First love rediscovered

First love. Many people regard teen love as the first love. To me, first love was discovered when I was 22years old. The kind of love that knows no boundaries. You see, when I was with her, the world became oblivious to me. We only see each other, only sensed each other, only cared about each other. But then I lost her. My world ripped to pieces. The sky turned dark on me.
I tried to rediscover love with other people. Constantly, I tried to rebuild the love that I lost with someone else, only to discover that I don't love that someone at all. . None at all.
Till at last, I gave up searching. All the while, still hoping for the return of my one true love. Years had passed now, my hope was flickering to it's end. Until recently, she found me. We rediscovered our love. And it was, as it was....my true love.






Sunday, May 4, 2008


Things got complicated. I was not given a raise. That, totally changed my eye on this company. I don't love it anymore. I think I might leave it. My feet numbs, my heart aches, my eye feel sore. I'm leaving for sure....The question is, when?

Saturday, February 2, 2008



Where do I go now? I had my life all planned out, but then fate pushed everything sideways. I've lost control, and now, I am lost. Which way do I go? When to go? How to get there? Where is "there"? I am lost....

Wednesday, January 30, 2008




I thought I can cut away all my problems like knife to butter. But my problems was tougher than leather, kevlar alike. It's still there, watching me, waiting for a chance to pounce and end everything, or worst, devouring me slowly from flesh to bone.

Tuesday, January 29, 2008


I discovered that my new job is much2 more demanding that I expected, but I'm not giving up yet. So many things to do ; So little time.

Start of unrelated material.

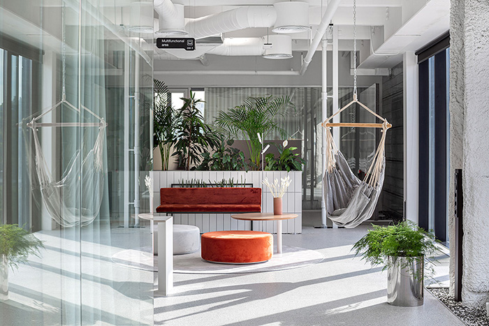 新办公场所位于基辅市中心一座翻修过的工厂大楼内,共占据五个楼层,将SQUAD原本分散于四处的部门都统一在同一屋檐下。该项目的设计概念是创建一个可随时微调、具有超强适应性的生态工作系统,这样即使在不确定的疫情期间也能优化工作流程和效率。#办公楼设计装修#

Thursday, January 24, 2008



Life took a turn when I was appointed as Production Manager at my workplace. New responsibilities pretty much demands a lot of my time and energy, not to mention creating new enemies. I hope the pay is worth the struggle.

Monday, December 17, 2007

Opportunity crashed and burned. Life's become dreadful to watch. Work is harder than ever. Money is so scarce, I feel like robing a bank. Love is bullshit. Mood swing is frequent. The only cure is USD1000. Any loaners?